Impact of Library Protocols on Differentially Expressed Genes (DEGs) between Biological Conditions
One of the critical questions in different library preparations is to what extent they will affect DEGs between biological conditions if one preparation method is used versus another. In the 8 HEMC samples, 4 samples were derived from involuted and other 4 were from non-involuted epithelial cells, the phenotype associated with an increased breast cancer risk [14]. We were interested in the DEGs between the two phenotypes and what would be the impact from the library preparations for the detection. For these comparisons, we first filtered out the genes at very low expression (reads per million < = 4 in 6 or more samples) in each library preparation (12,244 and 11,321 genes passed the filter for the PolyA and the NuGEN samples, respectively) and then conducted DGE detection separately for each library data between the two cell line phenotypes using edgeR [9]. At false discovery rate (FDR) cutoff of 0.05, there were 331 genes that were differentially expressed by the PolyA protocol (Figure 3A) while 102 genes were significant at the same criteria by the NuGEN protocol (Figure 3B). The common significant genes from the two library preparations were 64, which accounts for 19% and 63% of significant genes claimed in the PolyA and the NuGEN samples, respectively (Figure 3C). In spite of the low overlap with the PolyA samples, the estimated fold change and directions were highly comparable for these commonly changed genes (Figure 3D).
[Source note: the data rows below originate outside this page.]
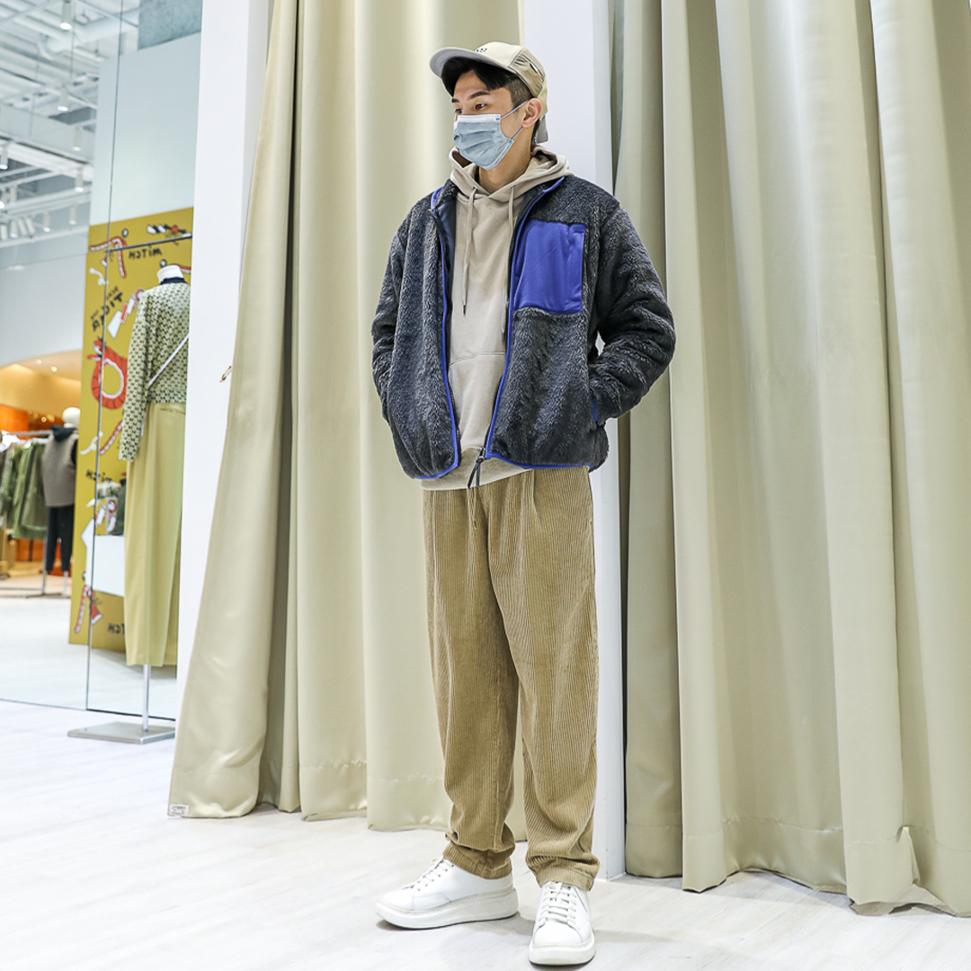 經典的綠色軍裝外套搭配咖啡色燈芯絨長褲,整體大地色系的視覺感相當到位。
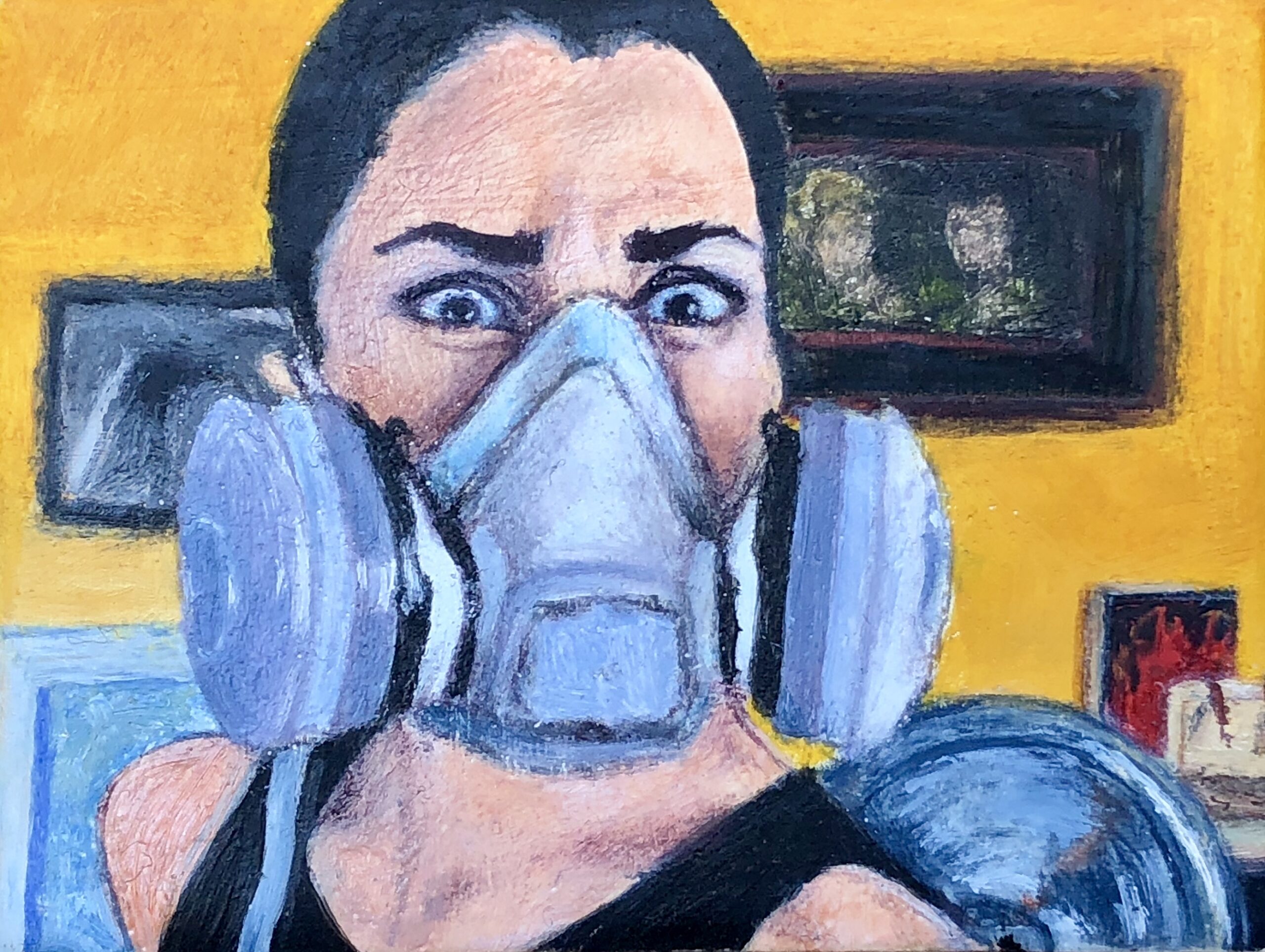 Miniature Self-Portrait with an industrial respirator in my art studio
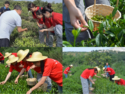 从来没有一杯茶,仅只是茶而已。在台上殷家村月针芽茶园,队员们在茶园负责人徐必乔的带领下,体验采茶制茶,在劳动中领略茶之韵味。漫步茶山,目之所及,皆是生机盎然,微风轻拂,飘来茶香阵阵。徐园长详细地为成员们讲解了采茶的手法和注意事项,并亲自示范了采茶的全过程,首先是采茶,用食指,拇指挟住叶尖幼梗的中部,利用两指的弹力将茶叶摘断。随后,队员们戴上草帽、拿上竹筐开始采茶,细细打量,茶叶新芽在阳光的照耀下,嫩绿欲滴。队员们模仿着茶园负责人的样子,小心翼翼地采摘新芽,顶着烈日,才半小时队员们就已经汗流浃背,腰膝酸软了,而茶篓才堪堪封底,随着队员们竹筐中的新芽越来越多,感受着浓浓的茶香,大家的成就感油然而生。
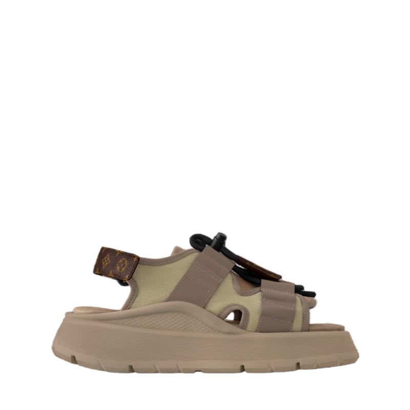 This edition of the Chameleon platform sandal comes in a mix of materials, including canvas and suede calf leather. First seen at the Cruise 2025 fashion show, this avant-garde model is embellished with a cartridge-belt detail in leather and a key bell in Monogram canvas. It is finished with a comfortable padded insole and rubber platform outsole.

When the raw p value less than 0.01 (not affected by the number of genes in testing) was used as the cut-off, the PolyA samples had 583 significantly changed genes while the NuGEN samples had 325 significant genes with 159 overlapping genes between the two (27% of the PolyA and 49% of the NuGEN, Figure 3E). Similar results were obtained when all genes without any filtering or the commonly detected genes (10,388) in both protocol preparations were used (data not shown). Among the DEGs, we had 5 genes (AR, ESR1, HGF, SIX1, and TWIST1) with RT-PCR data for validation. Four of the five genes were differentially expressed from the RT-PCR experiment at p value <0.05 (Student’s T test for ΔΔCTs) and one (ESR1) was borderline (p = 0.07). All the five genes were differentially expressed in both the PolyA and the NuGEN samples; however, the estimated fold changes in the PolyA samples were closer to RT-PCR data than the NuGEN samples (Figure 3F).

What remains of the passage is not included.